TASK ITEM: All of the data that follows should be given again exactly, without its images.

[[ AVAILABLE DATA open ]]

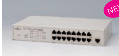
LH1216C デュアルスピードハブ

【型名】：LH1208C 標準価格：¥39,300 備考：10/100BASE-TX×8デュアルスピード対応 LH1208C/1216Cと合わせ、最大4台までスタック可能 19インチラック取付金具添付
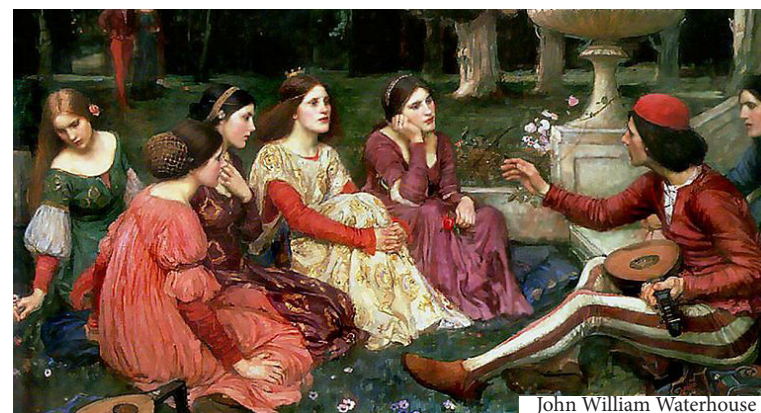
John William Waterhouse

Nous serons présents : Dimanche 27 sept.2020 de 10h à 18h30 au Festival des associations Vivacité au Parc Borély
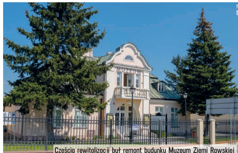
Częścią rewitalizacji był remont budynku Muzeum Ziemi Rawskiej
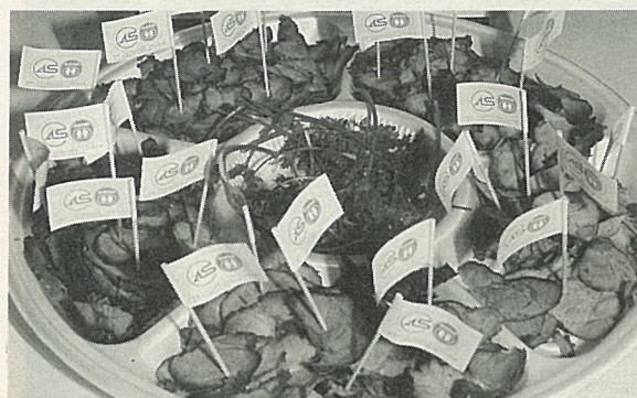
優良肉品品質保證

但是豬肉却是動物肉中比較特別的，它的脂肪含量在不同的部位差異最大，100公克肩部蛋白質17.5公克，脂質15.1公克；臀部蛋白質20.4公克，脂質7.4公克；大里肌有蛋白質16.5公克，脂質25.7公克。而小里肌
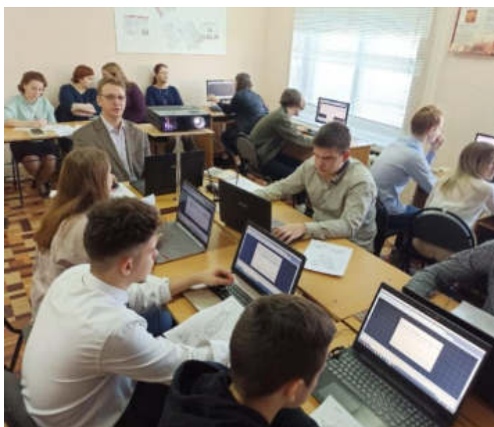
Открытый урок по дисциплине «Инженерная графика»

[[ AVAILABLE DATA closed ]]

FINISHED TASK:
LH1216C デュアルスピードハブ

【型名】：LH1208C 標準価格：¥39,300 備考：10/100BASE-TX×8デュアルスピード対応 LH1208C/1216Cと合わせ、最大4台までスタック可能 19インチラック取付金具添付
John William Waterhouse

Nous serons présents : Dimanche 27 sept.2020 de 10h à 18h30 au Festival des associations Vivacité au Parc Borély
Częścią rewitalizacji był remont budynku Muzeum Ziemi Rawskiej
優良肉品品質保證

但是豬肉却是動物肉中比較特別的，它的脂肪含量在不同的部位差異最大，100公克肩部蛋白質17.5公克，脂質15.1公克；臀部蛋白質20.4公克，脂質7.4公克；大里肌有蛋白質16.5公克，脂質25.7公克。而小里肌
Открытый урок по дисциплине «Инженерная графика»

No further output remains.